*Records excerpted from a collection*

--- START ---

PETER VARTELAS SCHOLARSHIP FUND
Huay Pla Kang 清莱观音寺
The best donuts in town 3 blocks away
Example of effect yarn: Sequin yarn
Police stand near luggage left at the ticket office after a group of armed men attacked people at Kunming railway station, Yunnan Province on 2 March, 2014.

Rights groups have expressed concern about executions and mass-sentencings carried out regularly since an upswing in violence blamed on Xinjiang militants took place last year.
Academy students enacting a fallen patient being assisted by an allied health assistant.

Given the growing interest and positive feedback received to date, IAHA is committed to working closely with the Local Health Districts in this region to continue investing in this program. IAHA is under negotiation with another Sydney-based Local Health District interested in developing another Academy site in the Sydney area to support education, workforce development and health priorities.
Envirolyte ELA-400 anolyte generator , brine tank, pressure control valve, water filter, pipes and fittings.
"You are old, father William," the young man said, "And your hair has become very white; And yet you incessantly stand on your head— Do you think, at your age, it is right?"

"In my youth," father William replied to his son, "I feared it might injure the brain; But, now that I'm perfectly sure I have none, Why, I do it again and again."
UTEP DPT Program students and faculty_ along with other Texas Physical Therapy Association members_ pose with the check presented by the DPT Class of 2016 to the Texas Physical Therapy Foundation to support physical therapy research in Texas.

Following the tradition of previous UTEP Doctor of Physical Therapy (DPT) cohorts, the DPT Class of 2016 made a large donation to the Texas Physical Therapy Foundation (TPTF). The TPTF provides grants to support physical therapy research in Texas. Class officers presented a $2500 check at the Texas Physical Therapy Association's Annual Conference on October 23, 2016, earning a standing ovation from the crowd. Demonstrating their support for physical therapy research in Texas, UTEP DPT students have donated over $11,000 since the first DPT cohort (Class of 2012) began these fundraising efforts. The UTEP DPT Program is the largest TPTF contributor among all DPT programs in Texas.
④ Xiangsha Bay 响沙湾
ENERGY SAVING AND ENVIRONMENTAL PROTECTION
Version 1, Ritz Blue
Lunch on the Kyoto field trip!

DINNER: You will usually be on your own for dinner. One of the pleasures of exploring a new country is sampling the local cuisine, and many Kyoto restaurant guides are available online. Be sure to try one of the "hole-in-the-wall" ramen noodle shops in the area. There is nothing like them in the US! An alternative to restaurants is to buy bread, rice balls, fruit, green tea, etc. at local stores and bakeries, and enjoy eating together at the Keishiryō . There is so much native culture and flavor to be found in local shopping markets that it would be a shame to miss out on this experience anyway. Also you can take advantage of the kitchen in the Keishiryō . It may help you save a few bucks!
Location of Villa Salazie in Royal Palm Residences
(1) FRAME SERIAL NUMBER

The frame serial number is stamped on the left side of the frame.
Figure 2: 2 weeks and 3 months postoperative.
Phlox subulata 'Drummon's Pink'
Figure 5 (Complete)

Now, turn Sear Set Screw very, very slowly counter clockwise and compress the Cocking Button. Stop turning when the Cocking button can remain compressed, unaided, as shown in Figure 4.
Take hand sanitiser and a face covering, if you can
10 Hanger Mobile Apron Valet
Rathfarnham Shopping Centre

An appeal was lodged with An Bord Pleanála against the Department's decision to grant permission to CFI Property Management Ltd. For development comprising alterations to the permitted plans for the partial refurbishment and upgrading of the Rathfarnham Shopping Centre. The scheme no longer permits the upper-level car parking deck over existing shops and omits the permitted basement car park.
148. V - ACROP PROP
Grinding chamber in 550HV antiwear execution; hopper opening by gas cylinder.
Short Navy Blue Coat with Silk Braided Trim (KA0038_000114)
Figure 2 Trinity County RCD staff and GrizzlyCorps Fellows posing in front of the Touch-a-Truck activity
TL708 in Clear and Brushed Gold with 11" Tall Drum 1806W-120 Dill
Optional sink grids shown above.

--- END ---

*Exercise instructions*
Copy out every line of the entries where the string "left" shows up.

*Answer to this task*
Police stand near luggage left at the ticket office after a group of armed men attacked people at Kunming railway station, Yunnan Province on 2 March, 2014.
The frame serial number is stamped on the left side of the frame.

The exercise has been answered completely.